Excerpts from a dataset:
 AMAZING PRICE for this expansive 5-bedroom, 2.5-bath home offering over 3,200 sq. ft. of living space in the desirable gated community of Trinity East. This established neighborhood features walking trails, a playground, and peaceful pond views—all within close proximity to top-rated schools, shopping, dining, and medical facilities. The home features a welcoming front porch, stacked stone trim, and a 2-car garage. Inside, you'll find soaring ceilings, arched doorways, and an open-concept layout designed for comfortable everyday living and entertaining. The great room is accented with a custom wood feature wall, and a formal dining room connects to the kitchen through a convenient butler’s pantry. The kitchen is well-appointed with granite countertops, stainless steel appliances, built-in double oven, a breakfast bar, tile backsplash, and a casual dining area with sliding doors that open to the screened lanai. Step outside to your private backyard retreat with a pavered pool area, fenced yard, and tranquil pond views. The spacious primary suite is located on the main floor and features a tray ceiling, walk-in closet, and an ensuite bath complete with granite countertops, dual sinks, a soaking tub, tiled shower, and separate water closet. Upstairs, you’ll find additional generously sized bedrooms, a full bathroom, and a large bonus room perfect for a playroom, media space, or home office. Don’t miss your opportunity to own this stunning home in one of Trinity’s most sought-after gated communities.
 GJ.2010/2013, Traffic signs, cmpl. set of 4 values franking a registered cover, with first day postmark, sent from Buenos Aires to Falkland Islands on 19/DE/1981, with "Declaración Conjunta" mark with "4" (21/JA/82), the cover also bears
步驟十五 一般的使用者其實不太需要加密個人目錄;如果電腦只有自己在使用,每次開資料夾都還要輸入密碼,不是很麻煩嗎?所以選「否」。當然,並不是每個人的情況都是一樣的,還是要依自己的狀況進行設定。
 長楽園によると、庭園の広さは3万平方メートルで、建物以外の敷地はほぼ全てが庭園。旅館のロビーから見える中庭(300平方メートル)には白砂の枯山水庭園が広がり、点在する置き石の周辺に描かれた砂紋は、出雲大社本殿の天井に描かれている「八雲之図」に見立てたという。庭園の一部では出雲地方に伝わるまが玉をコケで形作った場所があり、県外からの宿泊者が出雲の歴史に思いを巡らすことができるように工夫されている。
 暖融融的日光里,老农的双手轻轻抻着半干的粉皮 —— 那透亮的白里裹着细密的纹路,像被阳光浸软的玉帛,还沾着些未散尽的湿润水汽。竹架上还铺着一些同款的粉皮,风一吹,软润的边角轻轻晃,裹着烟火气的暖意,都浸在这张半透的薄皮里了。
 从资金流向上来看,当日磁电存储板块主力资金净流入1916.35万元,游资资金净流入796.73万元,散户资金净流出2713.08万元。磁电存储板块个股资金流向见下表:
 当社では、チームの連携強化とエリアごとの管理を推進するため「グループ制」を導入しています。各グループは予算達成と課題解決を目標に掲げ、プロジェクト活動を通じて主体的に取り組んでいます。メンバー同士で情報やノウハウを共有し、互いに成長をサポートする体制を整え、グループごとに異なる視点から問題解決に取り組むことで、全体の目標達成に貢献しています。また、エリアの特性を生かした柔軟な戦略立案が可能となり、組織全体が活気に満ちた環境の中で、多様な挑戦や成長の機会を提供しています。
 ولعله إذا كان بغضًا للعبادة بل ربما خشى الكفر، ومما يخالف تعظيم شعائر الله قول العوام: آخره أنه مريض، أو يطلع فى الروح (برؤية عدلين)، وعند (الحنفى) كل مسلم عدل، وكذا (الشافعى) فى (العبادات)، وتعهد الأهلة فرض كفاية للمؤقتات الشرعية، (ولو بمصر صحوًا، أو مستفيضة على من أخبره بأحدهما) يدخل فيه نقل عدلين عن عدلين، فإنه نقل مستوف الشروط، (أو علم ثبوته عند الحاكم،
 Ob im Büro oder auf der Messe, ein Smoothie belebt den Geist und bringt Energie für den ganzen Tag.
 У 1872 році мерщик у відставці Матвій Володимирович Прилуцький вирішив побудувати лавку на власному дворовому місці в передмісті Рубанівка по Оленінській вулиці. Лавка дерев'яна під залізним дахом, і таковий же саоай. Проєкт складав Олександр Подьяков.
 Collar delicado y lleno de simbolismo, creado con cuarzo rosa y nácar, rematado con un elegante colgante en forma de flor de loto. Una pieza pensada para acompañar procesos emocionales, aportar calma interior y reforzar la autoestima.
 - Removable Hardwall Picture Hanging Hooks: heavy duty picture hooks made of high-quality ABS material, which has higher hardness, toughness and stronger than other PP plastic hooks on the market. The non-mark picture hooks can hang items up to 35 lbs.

* **What this task involves**
Where does the string "mark" occur in the data above? Copy every line that holds it.

* **Answer to this task**
 GJ.2010/2013, Traffic signs, cmpl. set of 4 values franking a registered cover, with first day postmark, sent from Buenos Aires to Falkland Islands on 19/DE/1981, with "Declaración Conjunta" mark with "4" (21/JA/82), the cover also bears
 - Removable Hardwall Picture Hanging Hooks: heavy duty picture hooks made of high-quality ABS material, which has higher hardness, toughness and stronger than other PP plastic hooks on the market. The non-mark picture hooks can hang items up to 35 lbs.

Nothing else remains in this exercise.